The TULIP-1 trial randomised 457 eligible patients (1:2:2) to receive a fixed-dose intravenous infusion of 150mg anifrolumab, 300mg anifrolumab, or placebo every four weeks, in addition to standard therapy. TULIP-1 assessed the effect of anifrolumab in reducing disease activity as measured by the SRI4. The trial did not meet its primary endpoint based on the SLE Responder Index 4 (SRI4) composite measure (AstraZeneca, 2021a).

In the TULIP-2 trial, Morand et al (2020) state that anifrolumab for the treatment of SLE did not have a significant effect on the primary end point in a previous phase 3 trial (TULIP-1). Thus, the authors randomly assigned 362 patients in a 1:1 ratio to receive intravenous anifrolumab (n=180; 300 mg) or placebo (n=182) every 4 weeks for 48 weeks. The primary end point of this trial was a response at week 52 defined with the use of the British Isles Lupus Assessment Group (BILAG)-based Composite Lupus Assessment (BICLA). A BICLA response requires reduction in any moderate-to-severe baseline disease activity and no worsening in any of nine organ systems in the BILAG index, no worsening on the Systemic Lupus Erythematosus Disease Activity Index, no increase of 0.3 points or more in the score on the Physician Global Assessment of disease activity (on a scale from 0 [no disease activity] to 3 [severe disease]), no discontinuation of the trial intervention, and no use of medications restricted by the protocol. Secondary end points included a BICLA response in patients with a high interferon gene signature at baseline; reductions in the glucocorticoid dose, in the severity of skin disease, and in counts of swollen and tender joints; and the annualized flare rate. The percentage of patients who had a BICLA response was 47.8% in the anifrolumab group and 31.5% in the placebo group (p = 0.001). Among patients with a high interferon gene signature, the percentage with a response was 48.0% in the anifrolumab group and 30.7% in the placebo group; among patients with a low interferon gene signature, the percentage was 46.7% and 35.5%, respectively. Secondary end points with respect to the glucocorticoid dose and the severity of skin disease, but not counts of swollen and tender joints and the annualized flare rate, also showed a significant benefit with anifrolumab. Herpes zoster and bronchitis occurred in 7.2% and 12.2% of the patients, respectively, who received anifrolumab. There was one death from pneumonia in the anifrolumab group. The authors concluded that monthly administration of anifrolumab resulted in a higher percentage of patients with a response (as defined by a composite end point) at week 52 than did placebo, in contrast to the findings of a similar TULIP-1 trial involving patients with SLE that had a different primary end point. The frequency of herpes zoster was higher with anifrolumab than with placebo. 
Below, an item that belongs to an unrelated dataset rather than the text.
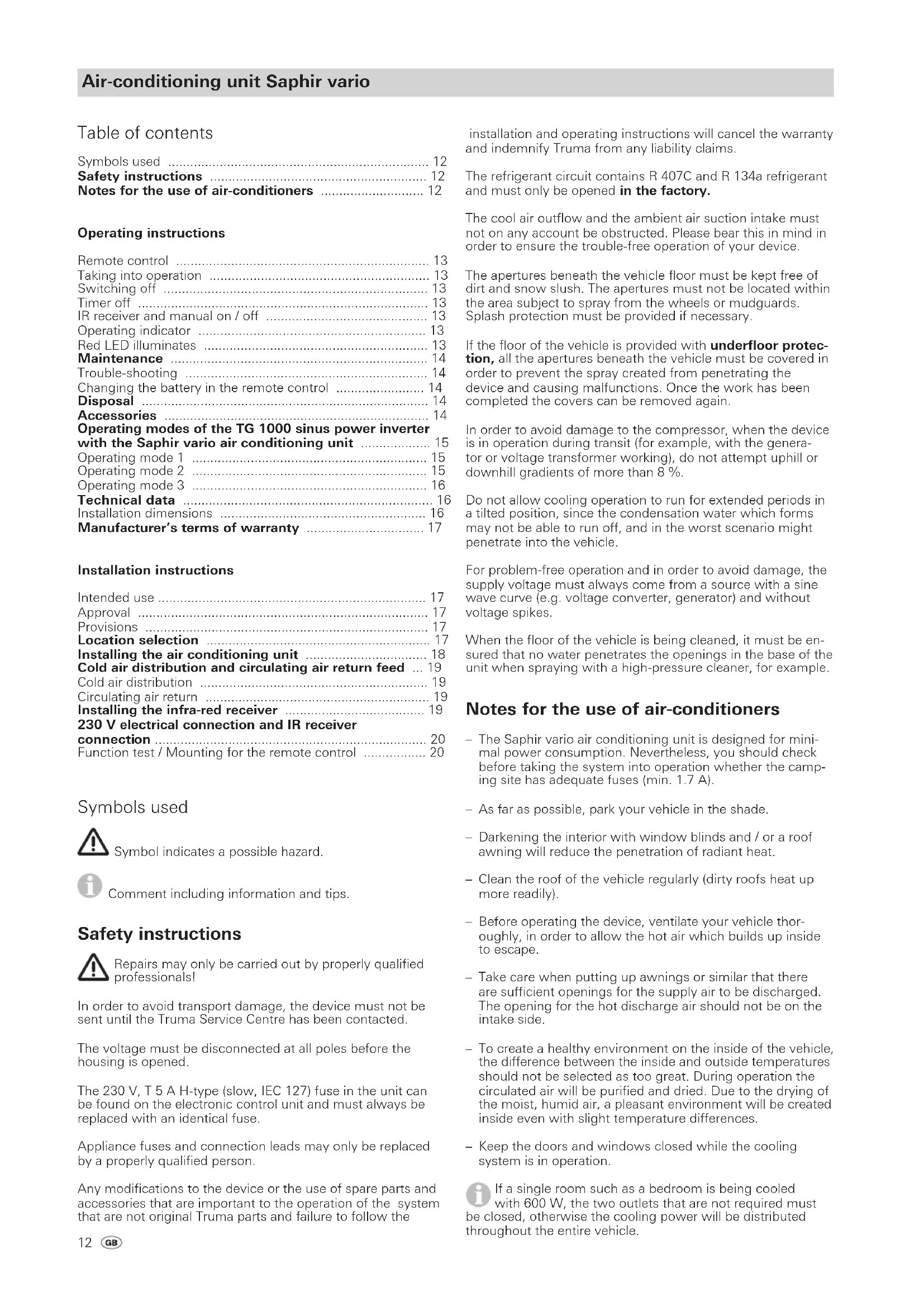 Netzkabel-Stecker (15) in die Steckerbuchse einstecken. Stecker wird automatisch durch Einrasten einer Haltenase zugentlastet. Zum Abziehen des Steckers muss die Haltenase mit einem Schraubendreher angehoben werden. Den Stecker für IR-Empfänger in die Steckerbuchse (16) einstecken. Der Anschluss (17) wird benötigt, wenn das Klima- gerät Saphir vario über einen Wechselrichter Truma TG 1000 sinus betrieben wird (Com-Anschluss / Kommunika- tion a oder b). Elektronikdeckel wieder schließen und die Schrauben (14) wieder festschrauben. Die Kabel müssen so viel Spiel haben, dass das Gerät mit angeschlossenen Kabeln aus dem Zwischenboden herausge- zogen werden kann. Alle Kabel müssen mit Schellen gesichert werden! Für Wartungs- bzw. Reparaturarbeiten muss fahrzeugseitig eine Trennvorrichtung zur allpoligen Trennung vom Netz mit mindestens 3,5 mm Kontaktabstand vorhanden sein. Funktionsprüfung / Halterung für die Fernbedienung Die Halterung für die Fernbedienung möglichst in der Nähe des Empfängers (9) positionieren, um den Betrieb des Klimagerätes zu ermöglichen, ohne die Fernbedienung aus der Halterung zu entnehmen. Abschließend müssen gemäß der Ge brauchsanweisung sämt- liche Funktionen des Gerätes geprüft werden. Die Gebrauchsanweisung ist dem Fahrzeughalter auszuhändigen.12 Air-conditioning unit Saphir vario Symbols used Symbol indicates a possible hazard. Comment including information and tips. Safety instructions Repairs may only be carried out by properly qualified professionals! In order to avoid transport damage, the device must not be sent until the Truma Service Centre has been contacted. The voltage must be disconnected at all poles before the housing is opened. The 230 V, T 5 A H-type (slow, IEC 127) fuse in the unit can be found on the electronic control unit and must always be replaced with an identical fuse. Appliance fuses and connection leads may only be replaced by a properly qualified person. Any modifications to the device or the use of spare parts and accessories that are important to the operation of the system that are not original Truma parts and failure to follow the installation and operating instructions will cancel the warranty and indemnify Truma from any liability claims. The refrigerant circuit contains R 407C and R 134a refrigerant and must only be opened in the factory. The cool air outflow and the ambient air suction intake must not on any account be obstructed. Please bear this in mind in order to ensure the trouble-free operation of your device. The apertures beneath the vehicle floor must be kept free of dirt and snow slush. The apertures must not be located within the area subject to spray from the wheels or mudguards. Splash protection must be provided if necessary. If the floor of the vehicle is provided with underfloor protec- tion, all the apertures beneath the vehicle must be covered in order to prevent the spray created from penetrating the device and causing malfunctions. Once the work has been completed the covers can be removed again. In order to avoid damage to the compressor, when the device is in operation during transit (for example, with the genera- tor or voltage transformer working), do not attempt uphill or downhill gradients of more than 8 %. Do not allow cooling operation to run for extended periods in a tilted position, since the condensation water which forms may not be able to run off, and in the worst scenario might penetrate into the vehicle. For problem-free operation and in order to avoid damage, the supply voltage must always come from a source with a sine wave curve (e.g. voltage converter, generator) and without voltage spikes. When the floor of the vehicle is being cleaned, it must be en- sured that no water penetrates the openings in the base of the unit when spraying with a high-pressure cleaner, for example. Notes for the use of air-conditioners The Saphir vario air conditioning unit is designed for mini- mal power consumption. Nevertheless, you should check before taking the system into operation whether the camp- ing site has adequate fuses (min. 1.7 A). As far as possible, park your vehicle in the shade. Darkening the interior with window blinds and / or a roof awning will reduce the penetration of radiant heat. Clean the roof of the vehicle regularly (dirty roofs heat up more readily). Before operating the device, ventilate your vehicle thor- oughly, in order to allow the hot air which builds up inside to escape. Take care when putting up awnings or similar that there are sufficient openings for the supply air to be discharged. The opening for the hot discharge air should not be on the intake side. To create a healthy environment on the inside of the vehicle, the difference between the inside and outside temperatures should not be selected as too great. During operation the circulated air will be purified and dried. Due to the drying of the moist, humid air, a pleasant environment will be created inside even with slight temperature differences. Keep the doors and windows closed while the cooling system is in operation. If a single room such as a bedroom is being cooled with 600 W, the two outlets that are not required must be closed, otherwise the cooling power will be distributed throughout the entire vehicle.

Furie et al (2021) state that the objective to managing SLE includes preventing disease flares while minimizing glucocorticoids. Thus, pooled data from the phase 3 TULIP-1 and TULIP-2 trials in patients with moderate to severe SLE were analyzed to determine anifrolumab's effect on flares, including those arising with glucocorticoid taper. Compared with placebo (n = 366), anifrolumab (n = 360) was associated with lower annualized flare rates, prolonged time to first flare, and fewer patients with 1 or more flare, as well as flares in organ domains commonly active at baseline (musculoskeletal, mucocutaneous). Fewer BILAG-based Composite Lupus Assessment responders had 1 or more flare with anifrolumab (21.1%, 36/171) versus placebo (30.4%, 34/112). Of patients who achieved sustained glucocorticoid reductions from 10 or more mg/day at baseline, more remained flare free with anifrolumab (40.0%, 76/190) versus placebo (17.3%, 32/185). The authors concluded that analyses of pooled TULIP-1 and TULIP-2 data support that anifrolumab reduces flares while permitting glucocorticoid taper in patients with SLE.
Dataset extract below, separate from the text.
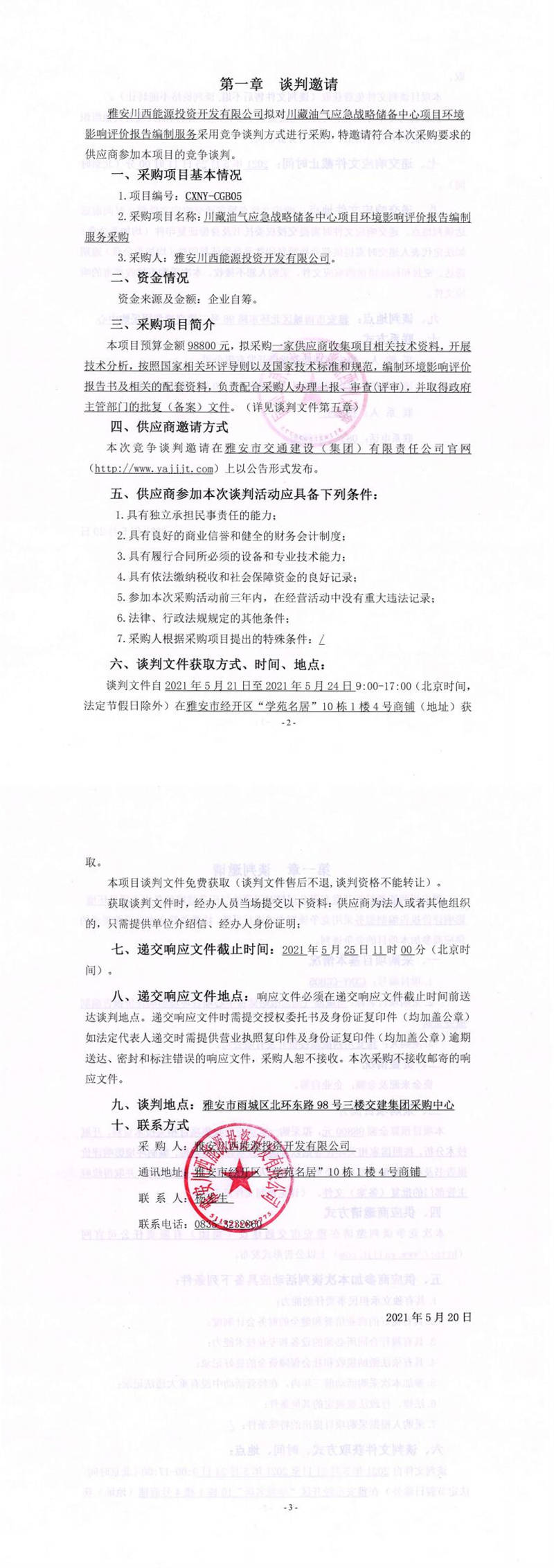 雅安川西能源投資開發(fā)有限公司川藏油氣應急戰(zhàn)略儲備中心項目環(huán)境影響評價報告編制服務采購競爭談判公告

Casey et al (2021) evaluated the ability of anifrolumab, a type I IFN receptor-blocking antibody, to reduce neutrophil extracellular trap (NET) formation and modulate cardiometabolic disease markers in comparison to placebo. Study subjects comprised patients with moderate-to-severe SLE who were enrolled in phase IIb of the MUSE trial (A Phase II, Randomized Study to Evaluate the Efficacy and Safety of MEDI-546 in Subjects with Systemic Lupus Erythematosus), with healthy individuals as controls. Blood samples were collected from SLE patients (n = 305) and healthy controls (n = 10-20) before the initiation of treatment (baseline) and from SLE patients after they had been treated with 300 mg of anifrolumab (n = 99) or placebo (n = 102). Baseline IFN gene signature test status was determined, and the IFN gene signature (21-gene panel) was monitored over time. Serum proteins were measured by multiplex immunoassay or ultrasensitive Simoa assay. NET complexes, cholesterol efflux capacity (CEC), and glycoprotein acetylation (GlycA) and other lipid parameters were assessed in plasma. Formation of NET complexes and levels of tumor necrosis factor (TNF) and interleukin-10 (IL-10) were correlated with extent of type I IFN pathway activity. NET complexes and IL-10 levels were up-regulated in SLE patients compared to healthy controls (p < 0.008). The cardiometabolic disease markers CEC and GlycA were also found to be dysregulated in patients with SLE (p < 0.001 versus healthy controls). Type I IFN receptor inhibition with anifrolumab significantly reduced NET complexes and GlycA and improved CEC compared to baseline (p < 0.05) whereas no improvements were seen with placebo. Levels of TNF and IL-10 were reduced with anifrolumab compared to placebo (p < 0.05). The authors concluded that these data support a key role for type I IFNs in modulating factors contributing to SLE vasculopathy and suggest that inhibition of this pathway could decrease cardiovascular risk in individuals with SLE.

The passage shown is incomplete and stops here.